-- Opening Marker --

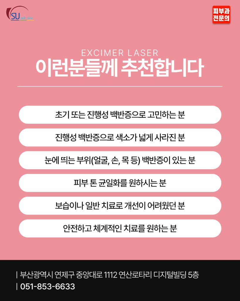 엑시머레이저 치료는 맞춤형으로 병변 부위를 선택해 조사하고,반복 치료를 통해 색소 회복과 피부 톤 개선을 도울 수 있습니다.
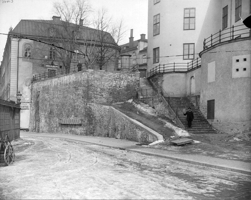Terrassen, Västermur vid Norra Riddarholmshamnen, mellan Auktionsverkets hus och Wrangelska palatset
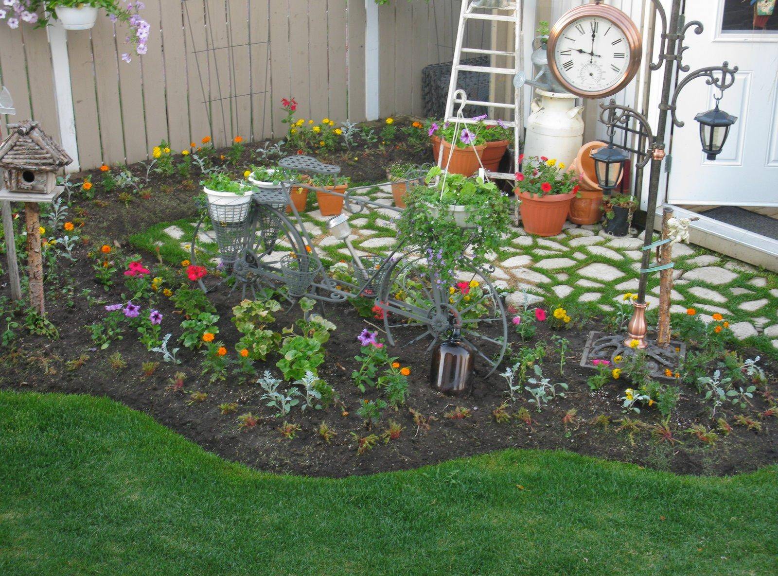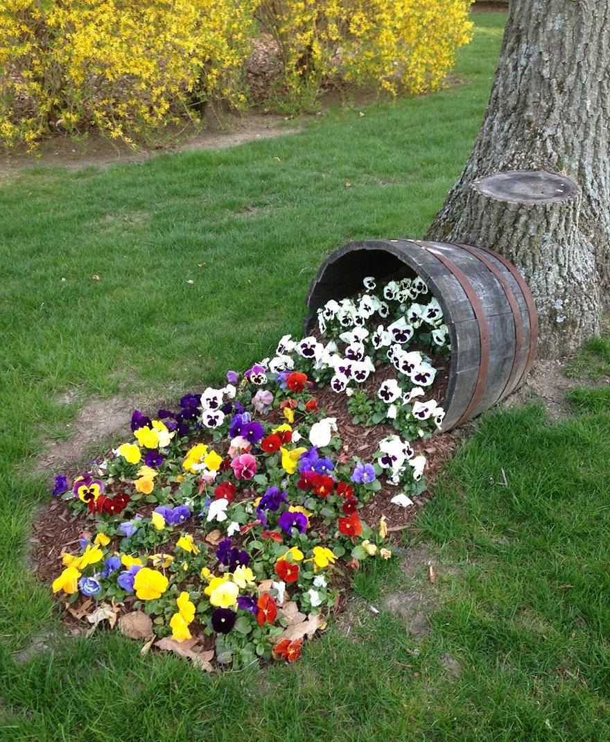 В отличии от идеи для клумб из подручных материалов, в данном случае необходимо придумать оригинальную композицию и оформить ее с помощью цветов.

-- Closing Marker --
-- Opening Marker --

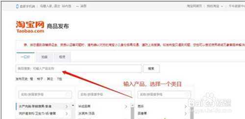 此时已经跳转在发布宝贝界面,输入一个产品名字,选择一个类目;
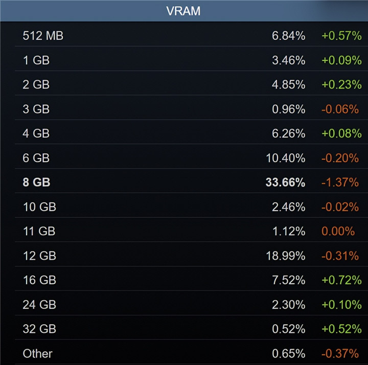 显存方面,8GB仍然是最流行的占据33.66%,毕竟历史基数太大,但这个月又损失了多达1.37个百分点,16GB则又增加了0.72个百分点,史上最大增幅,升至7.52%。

-- Closing Marker --

• Activity: Starting at the line above that holds "엑시머레이저 치료는 맞춤형으로", return each line up to and including the one that holds "В отличии от", exactly as written, minus any pictures.

• Output for this exercise:
 엑시머레이저 치료는 맞춤형으로 병변 부위를 선택해 조사하고,반복 치료를 통해 색소 회복과 피부 톤 개선을 도울 수 있습니다.
Terrassen, Västermur vid Norra Riddarholmshamnen, mellan Auktionsverkets hus och Wrangelska palatset
 В отличии от идеи для клумб из подручных материалов, в данном случае необходимо придумать оригинальную композицию и оформить ее с помощью цветов.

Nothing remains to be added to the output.